**Supplied material**
.....

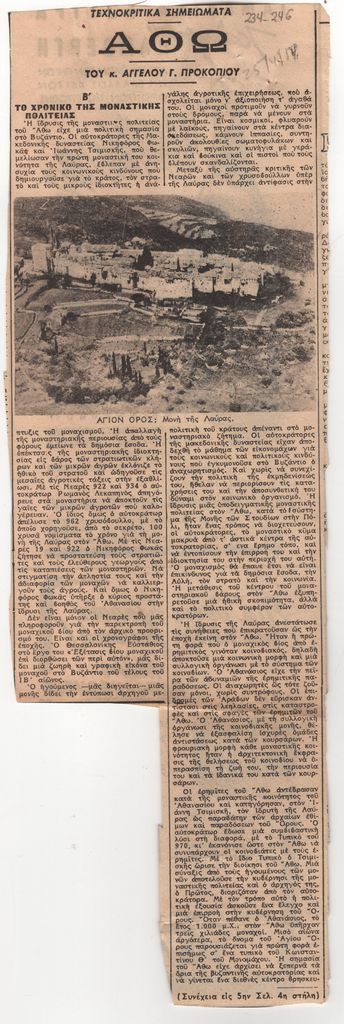 Απόκομμα της εφημερίδας “Η Καθημερινή “, έντυπο, στα ελληνικά, χαρτί, δύο όψεις, όπου δημοσιεύεται άρθρο του τεχνοκριτικού Άγγ. Γ. Προκοπίου. Το απόσπασμα εικονογραφείται. Δεξιά από τον τίτλο, επιγραφή με στοιχεία της έκδοσης.
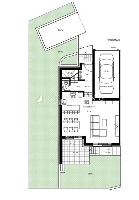 PRIZEMLJE S VRTOM sastoji se od dnevnog boravka s kuhinjom i blagovaonicom, wc-a i loggie.
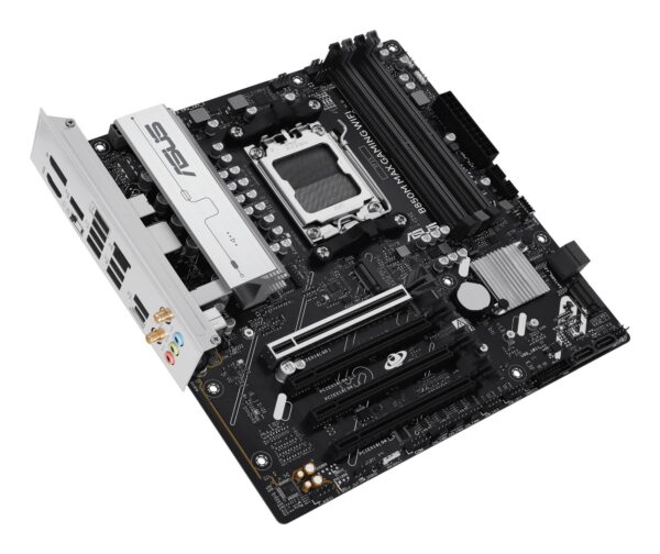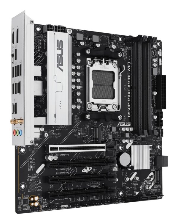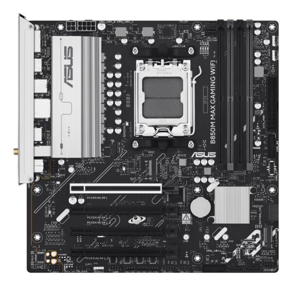 AMD B850 | micro ATX | Audio 7.1 channels | CPU AMD | Socket Socket AM5 | Series AMD Ryzen 7000 Series/AMD Ryzen 8000 Series/AMD Ryzen 9000 Series | Supported memory types DDR5-SDRAM | 4xNumber of memory slots | Memory slots type DIMM | Supported storage drive interfaces M.2,SATA III | 5xUSB 2.0 ports quantity | 2xUSB 3.2 Gen 1 (3.1 Gen 1) Type-A ports quantity | 1xUSB 3.2 Gen 2 (3.1 Gen 2) Type-A ports quantity | 1xUSB 3.2 Gen 2 (3.1 Gen 2) Type-C ports quantity | 1xEthernet LAN (RJ-45) ports | 1xHDMI ports quantity | Wi-Fi Yes | Bluetooth Yes | Antenna included Yes | Weight 859 g

.....

**Work order**
The expected response is every line of the material, written out exactly, with the images removed.

**Solved problem**
 Απόκομμα της εφημερίδας “Η Καθημερινή “, έντυπο, στα ελληνικά, χαρτί, δύο όψεις, όπου δημοσιεύεται άρθρο του τεχνοκριτικού Άγγ. Γ. Προκοπίου. Το απόσπασμα εικονογραφείται. Δεξιά από τον τίτλο, επιγραφή με στοιχεία της έκδοσης.
 PRIZEMLJE S VRTOM sastoji se od dnevnog boravka s kuhinjom i blagovaonicom, wc-a i loggie.
 AMD B850 | micro ATX | Audio 7.1 channels | CPU AMD | Socket Socket AM5 | Series AMD Ryzen 7000 Series/AMD Ryzen 8000 Series/AMD Ryzen 9000 Series | Supported memory types DDR5-SDRAM | 4xNumber of memory slots | Memory slots type DIMM | Supported storage drive interfaces M.2,SATA III | 5xUSB 2.0 ports quantity | 2xUSB 3.2 Gen 1 (3.1 Gen 1) Type-A ports quantity | 1xUSB 3.2 Gen 2 (3.1 Gen 2) Type-A ports quantity | 1xUSB 3.2 Gen 2 (3.1 Gen 2) Type-C ports quantity | 1xEthernet LAN (RJ-45) ports | 1xHDMI ports quantity | Wi-Fi Yes | Bluetooth Yes | Antenna included Yes | Weight 859 g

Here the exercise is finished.